Typisch Gesundheitswesen: Gefühlte und reale Preise
Bei den Preismodellen wurde eingangs das »follow the free« Prinzip beschrieben: ein Teil des Angebots wird verschenkt. Dieser Teil ist allerdings nicht alleine für sich nutzbar. Dennoch eliminiert er eine entscheidende Einstiegshürde. Der Konsument ist involviert, eine Erwartungshaltung erzeugt und die Schwelle zum Kauf entsprechend niedrig. Lässt sich dies in den Bereich der Gesundheitswirtschaft übertragen? Warum nicht innovative technische Hilfsmittel »kostenlos« verteilen und diese Kosten dann über monatliche Gebühren für Dienstleistungen wieder refinanzieren? Kostenloser Verleih von NordicWalking Stöcken bei mindestens einmal wöchentlicher Teilnahme an der Walking Gruppe. Monatsgebühr 19,95 EUR? Oder umgekehrt: kostenloser web-basierter Service (Gesundheitsportal mit Dokumentation, Tipps & Tricks, Community), finanziert durch den Verkauf von elektronischen Geräten sowie Werbeeinblendungen bei einmaligen Kosten von 29,99 EUR? Diese Beispiele finden sich in dieser bzw. ähnlicher Form bereits am Markt. Welche kommen als nächstes?

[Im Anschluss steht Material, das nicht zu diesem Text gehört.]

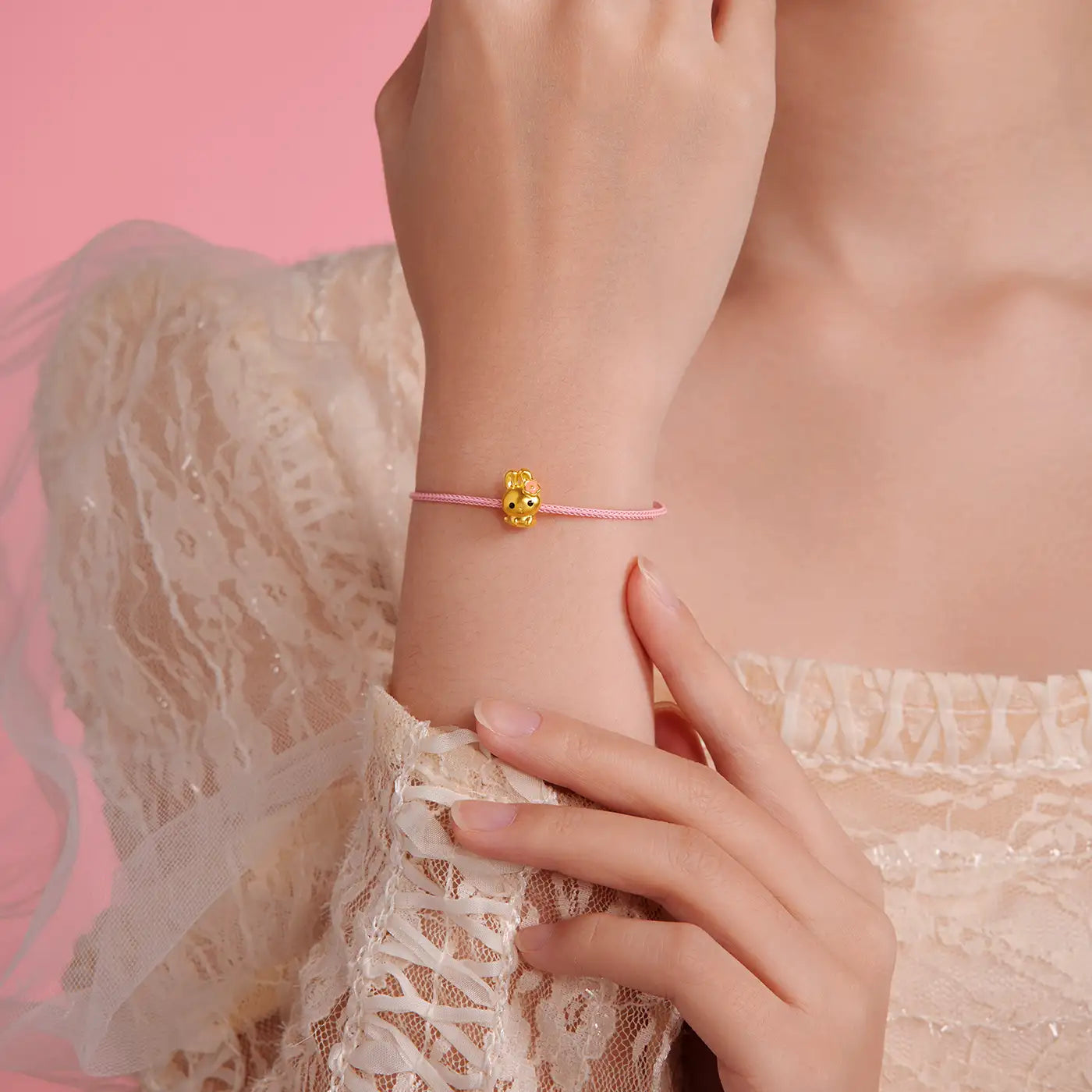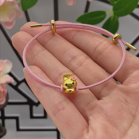 Playful, cheerful, and full of personality, this adorable bunny charm bead captures the joyful spirit of the Cute Pets collection. Crafted from 999 pure gold with durable hard-gold technology, the charm features a sweet rabbit design topped with a delicate pink enamel flower. Lightweight and easy to style, this charming bead adds a touch of playful elegance to bracelets, necklaces, and DIY jewelry creations.
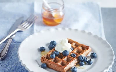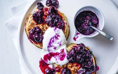 French toast crumpets with blueberry compôte

Preismodelle, die mit Premium-Angeboten und/oder Flatrates arbeiten, machen sich psychologische Phänomene zu nutze. Wer will schon »Standard«, wenn er für »nur« 4,99 EUR mehr »Premium« bekommt? Kühle Rechner entscheiden anhand der reinen Zahlen und wahrscheinlichem Nutzungsverhalten. Aber bei Premium entscheidet nicht (nur) die Ratio sondern die Emotion. Diese ist es auch, die uns vor Pauschalen zurückschrecken lässt, Flatrates aber zu wahren Magneten macht.
Warum ein gutes Produkt nicht automatisch erfolgreich ist
Wer sich auf reine Magie verlässt (»irgendwer kauft meine Angebote bestimmt«) wird im Gesundheitswesen sicher nicht den Erfolg haben, den derjenige erzielt, der strukturiert sein Geschäftsmodell entwickelt. Die offensichtlichsten Gestaltungsmöglichkeiten ergeben sich beim Preis, bei der Wahl des Kundensegments und beim Angebot/Nutzenversprechen selbst. Welche Player sich auf diesem Feld in Zukunft tummeln werden, bleibt abzuwarten. Allerdings: die (scheinbar) etablierten Anbieter müssen sich von ambitionierten »Quereinsteigern« wie bspw. Google oder Microsoft in Acht nehmen.